• [Task material]:
****************************************

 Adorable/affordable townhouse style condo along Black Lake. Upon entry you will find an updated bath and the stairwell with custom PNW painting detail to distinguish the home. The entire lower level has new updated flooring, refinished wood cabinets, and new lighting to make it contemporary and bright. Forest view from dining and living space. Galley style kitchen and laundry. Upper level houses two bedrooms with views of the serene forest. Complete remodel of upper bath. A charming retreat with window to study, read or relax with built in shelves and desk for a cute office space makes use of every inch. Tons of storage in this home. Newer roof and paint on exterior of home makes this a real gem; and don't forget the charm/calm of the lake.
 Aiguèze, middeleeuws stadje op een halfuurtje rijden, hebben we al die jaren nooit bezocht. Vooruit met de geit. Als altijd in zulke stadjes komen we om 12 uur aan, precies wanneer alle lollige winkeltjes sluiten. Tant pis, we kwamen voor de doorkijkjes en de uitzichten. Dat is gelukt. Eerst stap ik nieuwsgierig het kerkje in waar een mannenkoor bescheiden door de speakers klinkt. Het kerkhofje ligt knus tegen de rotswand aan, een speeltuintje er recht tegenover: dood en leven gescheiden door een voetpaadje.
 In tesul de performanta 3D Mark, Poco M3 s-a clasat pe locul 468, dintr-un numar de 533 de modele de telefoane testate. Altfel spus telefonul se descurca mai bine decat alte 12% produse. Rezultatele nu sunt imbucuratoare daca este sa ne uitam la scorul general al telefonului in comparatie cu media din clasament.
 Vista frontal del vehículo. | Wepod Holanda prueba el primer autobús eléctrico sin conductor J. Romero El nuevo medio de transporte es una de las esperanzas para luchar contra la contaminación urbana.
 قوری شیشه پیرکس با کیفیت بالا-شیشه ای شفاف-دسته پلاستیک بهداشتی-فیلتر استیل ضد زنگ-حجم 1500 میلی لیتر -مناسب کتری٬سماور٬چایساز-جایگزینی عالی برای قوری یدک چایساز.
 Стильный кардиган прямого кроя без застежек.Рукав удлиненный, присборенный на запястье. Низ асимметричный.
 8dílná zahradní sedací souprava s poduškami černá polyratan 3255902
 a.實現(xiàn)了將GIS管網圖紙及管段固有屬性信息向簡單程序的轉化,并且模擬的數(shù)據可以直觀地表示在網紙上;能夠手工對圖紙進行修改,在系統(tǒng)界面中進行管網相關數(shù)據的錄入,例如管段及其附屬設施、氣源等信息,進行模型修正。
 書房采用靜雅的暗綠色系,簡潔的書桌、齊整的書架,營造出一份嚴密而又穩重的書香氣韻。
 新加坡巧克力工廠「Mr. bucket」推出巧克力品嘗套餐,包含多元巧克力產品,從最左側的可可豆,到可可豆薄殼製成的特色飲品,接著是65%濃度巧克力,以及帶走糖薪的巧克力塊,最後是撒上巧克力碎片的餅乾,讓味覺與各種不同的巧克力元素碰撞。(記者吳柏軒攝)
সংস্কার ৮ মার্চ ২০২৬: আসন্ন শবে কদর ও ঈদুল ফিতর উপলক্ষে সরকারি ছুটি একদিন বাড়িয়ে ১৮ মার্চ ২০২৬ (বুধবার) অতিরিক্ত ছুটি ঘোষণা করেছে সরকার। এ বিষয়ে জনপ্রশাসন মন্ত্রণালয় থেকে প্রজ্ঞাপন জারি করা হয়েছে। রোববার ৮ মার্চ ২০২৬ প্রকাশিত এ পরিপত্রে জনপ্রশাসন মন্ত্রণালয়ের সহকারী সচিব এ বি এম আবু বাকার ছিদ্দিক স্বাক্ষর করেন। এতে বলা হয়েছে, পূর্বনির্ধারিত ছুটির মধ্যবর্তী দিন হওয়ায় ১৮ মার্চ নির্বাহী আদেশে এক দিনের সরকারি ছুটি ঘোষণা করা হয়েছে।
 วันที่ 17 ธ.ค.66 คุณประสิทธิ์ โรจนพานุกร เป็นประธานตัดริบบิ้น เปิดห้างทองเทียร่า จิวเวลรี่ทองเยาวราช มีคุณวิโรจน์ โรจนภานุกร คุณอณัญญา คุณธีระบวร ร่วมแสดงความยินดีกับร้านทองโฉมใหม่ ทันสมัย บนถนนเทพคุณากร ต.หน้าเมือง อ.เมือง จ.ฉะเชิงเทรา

****************************************

• [Problem requirements]: All lines in the listing above between the line with "a.實現(xiàn)了將GI" and the line with "সংস্কার ৮ মার্চ", inclusive, should be set down exactly, and no line outside that range.

• [Problem solution]:
 a.實現(xiàn)了將GIS管網圖紙及管段固有屬性信息向簡單程序的轉化,并且模擬的數(shù)據可以直觀地表示在網紙上;能夠手工對圖紙進行修改,在系統(tǒng)界面中進行管網相關數(shù)據的錄入,例如管段及其附屬設施、氣源等信息,進行模型修正。
 書房采用靜雅的暗綠色系,簡潔的書桌、齊整的書架,營造出一份嚴密而又穩重的書香氣韻。
 新加坡巧克力工廠「Mr. bucket」推出巧克力品嘗套餐,包含多元巧克力產品,從最左側的可可豆,到可可豆薄殼製成的特色飲品,接著是65%濃度巧克力,以及帶走糖薪的巧克力塊,最後是撒上巧克力碎片的餅乾,讓味覺與各種不同的巧克力元素碰撞。(記者吳柏軒攝)
সংস্কার ৮ মার্চ ২০২৬: আসন্ন শবে কদর ও ঈদুল ফিতর উপলক্ষে সরকারি ছুটি একদিন বাড়িয়ে ১৮ মার্চ ২০২৬ (বুধবার) অতিরিক্ত ছুটি ঘোষণা করেছে সরকার। এ বিষয়ে জনপ্রশাসন মন্ত্রণালয় থেকে প্রজ্ঞাপন জারি করা হয়েছে। রোববার ৮ মার্চ ২০২৬ প্রকাশিত এ পরিপত্রে জনপ্রশাসন মন্ত্রণালয়ের সহকারী সচিব এ বি এম আবু বাকার ছিদ্দিক স্বাক্ষর করেন। এতে বলা হয়েছে, পূর্বনির্ধারিত ছুটির মধ্যবর্তী দিন হওয়ায় ১৮ মার্চ নির্বাহী আদেশে এক দিনের সরকারি ছুটি ঘোষণা করা হয়েছে।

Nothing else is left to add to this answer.